# Extension Tubes



## Black Hills Tj (Jul 19, 2008)

I know a few folks here run extension tubes. I'd love to just pick up a 90 or 100mm macro lens, but my budget won't allow for that. I figure if I get extension tubes, then I'll be able to drop some coin on a decent flash too.

What extension tubes are you guys using?

http://www.bhphotovideo.com/c/product/687477-REG/Zeikos_ZE_CVAFC_AF_Macro_Extension_Tube.html

For 50 bucks and free shipping these seem like they are worth a shot. I've had good luck with BH Photo, and I'm sure if I'm not satisfied with them BHP will help me out.

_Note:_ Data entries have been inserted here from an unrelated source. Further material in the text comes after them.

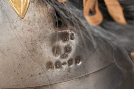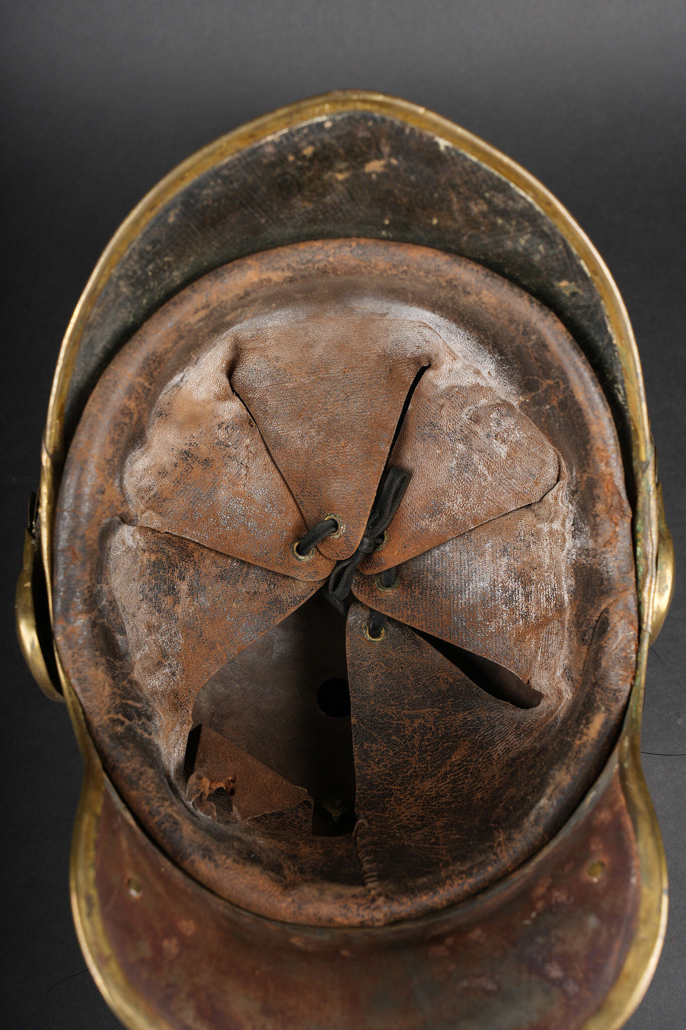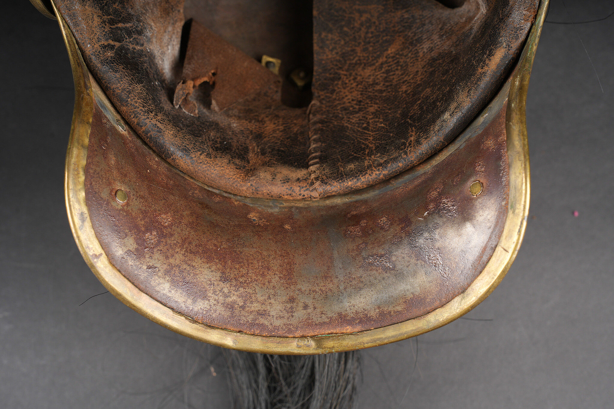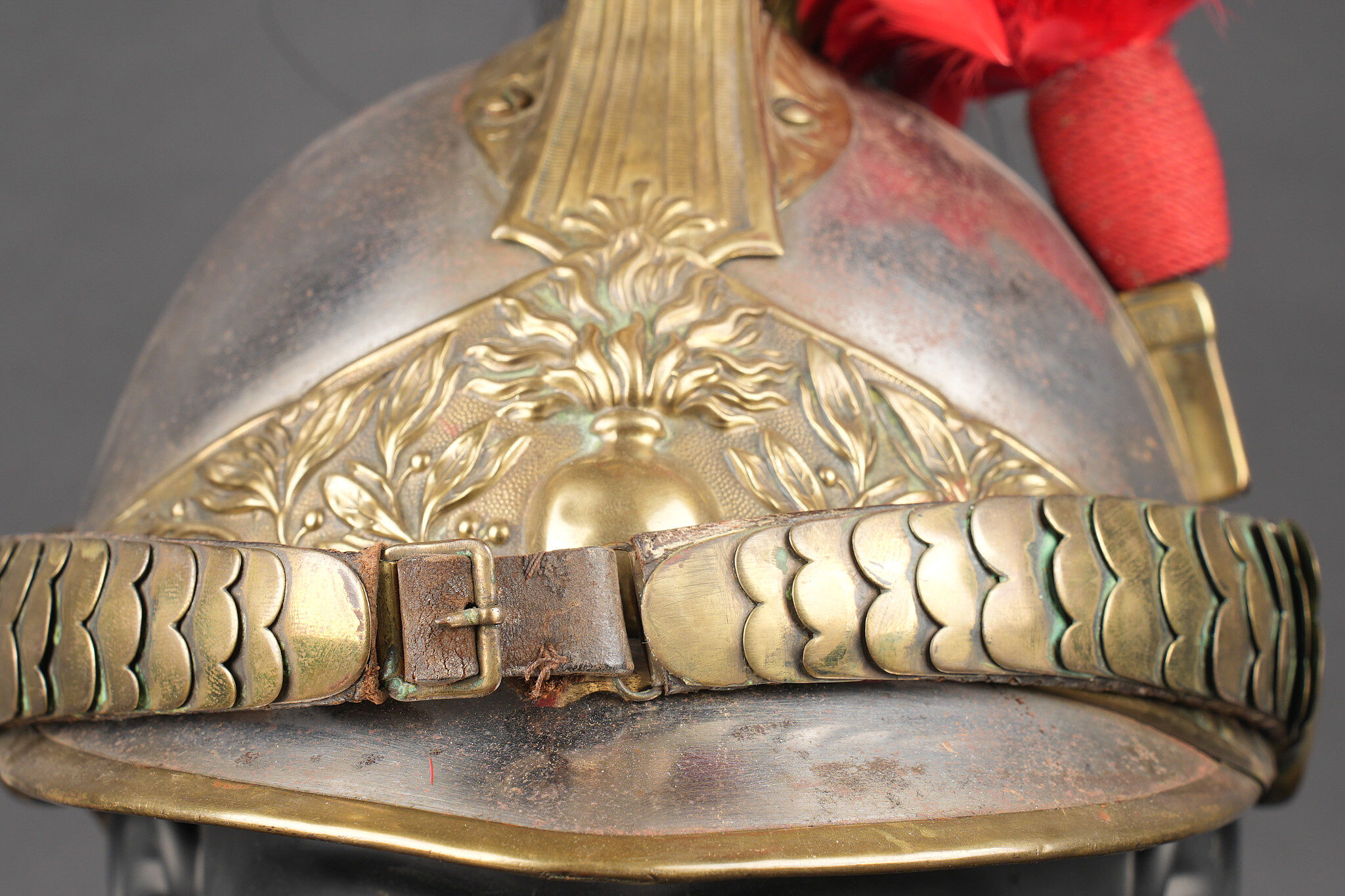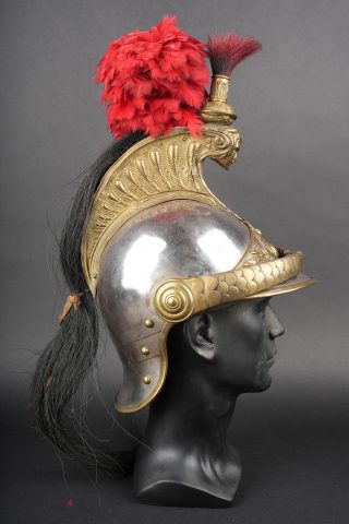 Casque de cuirassier troupe 1872/74. Casque en acier, bandeau en laiton estampé portant l’attribut de la grenade, cimier se terminant par une tête de méduse surmontée de son marmouset en crin rouge et supportant une crinière noire de 63cm. Nuquière queue de homard à deux rangées de trois rivets, marquage fabricant illisible, deux trous postérieurs réalisés au dessus des marquages. Absence de protection dans la nuquière, visière recouverte d’un fin cuir brin. Jugulaire à écailles montée sur cuir dont la patte de réglage a été probablement remplacée. Coiffe du modèle troupe à sept dents de loup, deux écrous postérieurs. Avec son plumet en plumes rouges. Trooper’s cuirassier helmet Model 1872/74. Steel skull with stamped brass band bearing the grenade device, crest terminating in a Medusa head surmounted by a red horsehair tuft and supporting a 63 cm black mane. Lobster-tail neck guard with two rows of three rivets. Maker’s mark illegible, two later holes above the stamp. Absence of the internal neck-guard lining. Peak covered in fine brown leather. Brass-scaled chinstrap on leather, the adjustment tongue probably replaced. Other ranks’ liner with seven wolf-tooth tongues, two rear nuts. With its red feather plume.
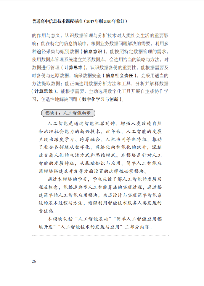 普通高中信息技术课程标准(2017年版2020年修订)
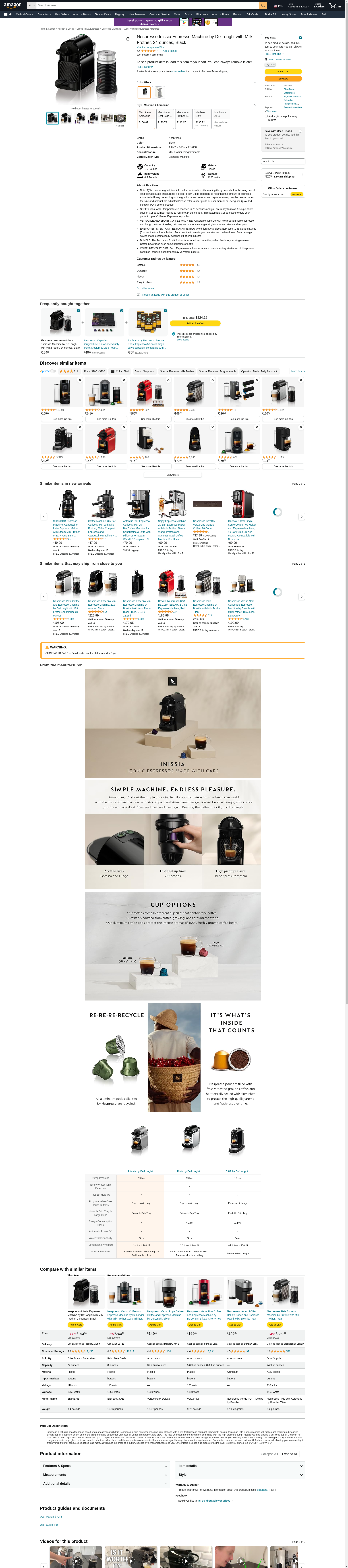Nespresso Inissia Espresso Machine by De'Longhi with Milk Frother, 24 ounces, Black
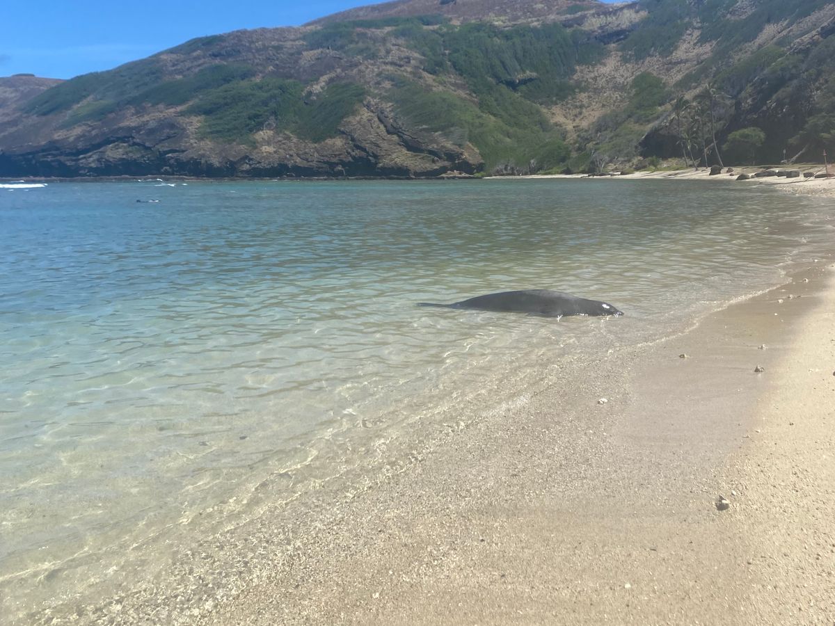 ハワイアンモンクシールがたまたまビーチに来ててラッキーでした。初の生モンクシールでした。

Or for 43 bucks, Adorama has a Pro Optics set

http://www.adorama.com/MCAETEOSP.html


----------



## ckraft (Feb 19, 2013)

I used them many years ago. I don't think the brand will have any effect, there are no optics in the tubes, they just move the lens farther from the image plane and allow you to focus closer. I've always had good results with BH Photo.


----------



## speedie408 (Jan 15, 2009)

Got a set of the ones you posted from bhphoto. Been using them for my shrimp photos ever since .


----------



## Black Hills Tj (Jul 19, 2008)

Two consistent responses one after another...can't argue with that, or the people that posted them 

Consider it done. Thanks guys!


----------



## GraphicGr8s (Apr 4, 2011)

Also look at Adorama. I've gotten a lot of stuff from them also. they are in many cases a bit cheaper than BH


----------